I rejoiced when the Fairview statue of Sean Russell was decapitated in 2005, since he was chief of staff of the IRA when they declared war on the United Kingdom in alliance with Nazi Germany, set off 300 explosions in Britain, killed 10 people and injured almost 100.

We should never forget that while electioneering for the European Parliament in 2003, Mary Lou McDonald proved her Republican credentials by speaking at that statue alongside IRA Army Council member Brian Keenan, to commemorate the man who had died on a U-boat on his way back from Germany where he had had talks with Nazi Foreign Minister Joachim von Ribbentrop.

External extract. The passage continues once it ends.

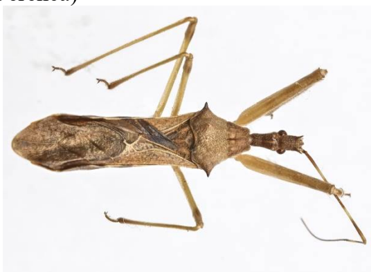
Fig. 11. Nagusta goedelii
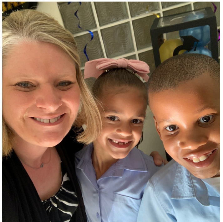
The girl was my first tutoring student when she was just 3! The boy was my first student at GLC!

Nowadays, seeing how slippery is this particular slope, I think the answer is to keep the statues where they are, but with, where necessary, an attached plaque explaining why they’re controversial.

That, for instance, would deal with the tricky question of the statue in Newry of John Mitchel, who as well as being one of Patrick Pearse’s apostles of Irish nationalism, was a enthusiastic proponent of slavery.

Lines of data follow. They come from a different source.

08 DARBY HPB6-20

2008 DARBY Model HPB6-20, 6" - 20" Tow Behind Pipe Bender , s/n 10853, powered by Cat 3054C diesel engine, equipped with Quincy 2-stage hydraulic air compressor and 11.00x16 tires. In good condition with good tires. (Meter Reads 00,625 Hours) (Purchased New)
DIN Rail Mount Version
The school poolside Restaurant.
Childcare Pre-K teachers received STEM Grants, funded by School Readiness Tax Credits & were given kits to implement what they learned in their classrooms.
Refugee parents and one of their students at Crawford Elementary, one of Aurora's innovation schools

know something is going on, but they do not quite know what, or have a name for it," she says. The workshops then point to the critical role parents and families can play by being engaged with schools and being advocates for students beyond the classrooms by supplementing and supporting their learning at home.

Which takes me back to Belfast, where in an outbreak of sanity unionists and nationalist city councillors agreed not to take down statues, but instead to try redress the political balance by erecting some new ones to stand near those that reflect a predominantly white, male, Protestant and unionist history.

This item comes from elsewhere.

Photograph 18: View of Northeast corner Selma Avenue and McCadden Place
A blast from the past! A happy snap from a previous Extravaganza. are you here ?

The idea was to make Belfast City Hall and its grounds, as Councillor Attwood put it, “more representative of all traditions, new and old” by acknowledging “the role of citizens of Belfast who have positively contributed to the social, political and civil life of Belfast through memorials in the front of CitIy Hall”.

He cited a number of suggestions – Grace Bannister (the first female lord mayor of Belfast); Robert McAdam (a Presbyterian devotee of the Irish language); Mary Anne McCracken (the radical sister of Henry Joy, a founder of the United Irishmen who was executed, after which she became a campaigner for social justice and led the women’s anti-slavery movement); Winifred Carney (a socialist and trade union official who acted as James Connolly’s secretary in the GPO); and Paddy Devlin (trade union organiser, one-time IRA member who became a campaigner for civil rights but split with the SDLP because he believed it had failed to become a genuinely non-sectarian labour party).

This selection, said Attwood, “would recognise the central contribution to Belfast of women, socialists, nationalists, republicans, trade unionists, civil rights, ethnic minorities and the Belfast role in the anti-slavery movement”.

But there is a permanent problem with Sinn Fein’s tunnel vision – which has been particularly noticeable during the four years when they did everything to block a memorial to the 900 people killed in 1941 in the Belfast Blitz. While they couldn’t challenge the fact that those bombs killed poor Catholics and Protestants alike, and though they failed in the end, they kept frustrating progress so as to use that memorial as a bargaining counter in their determination to get Winifred Carney a permanent statue.

And they refused to countenance a request that to sweeten the pill of having a revolutionary outside City Hall, her husband, a fellow socialist but an Orangeman and Ulster volunteer, should be included.

I’ve been following events at Belfast City Council for long enough now to know that Sinn Fein hate being thwarted in any way, but watching the webcast of the last council meeting I was shocked by the suppression of debate by the Sinn Fein Mayor, Deirdre Hargey, and the attitude displayed by her colleague, Ciaran Beattie, in his attack on Devlin, whom I believe they dislike because he refused to support the hunger strikes, opposed violence and was threatened and intimidated by the IRA.

Attwood, who can’t have liked Devlin’s attitude to his party, described him as “a punchy character, a republican, socialist, trade unionist and peace train activist who spent his life campaigning for civil rights, fairness and equality for all regardless of religious affiliation or political belief”.

Sinn Fein might at least, he said, have shown some respect to his family and the people who proposed.

But they didn’t.

“Sinn Fein appear to want their way or no way,” he ended. “It is the same old and out of date strategy of ourselves alone.”

How can anyone seriously contemplate going into government with them?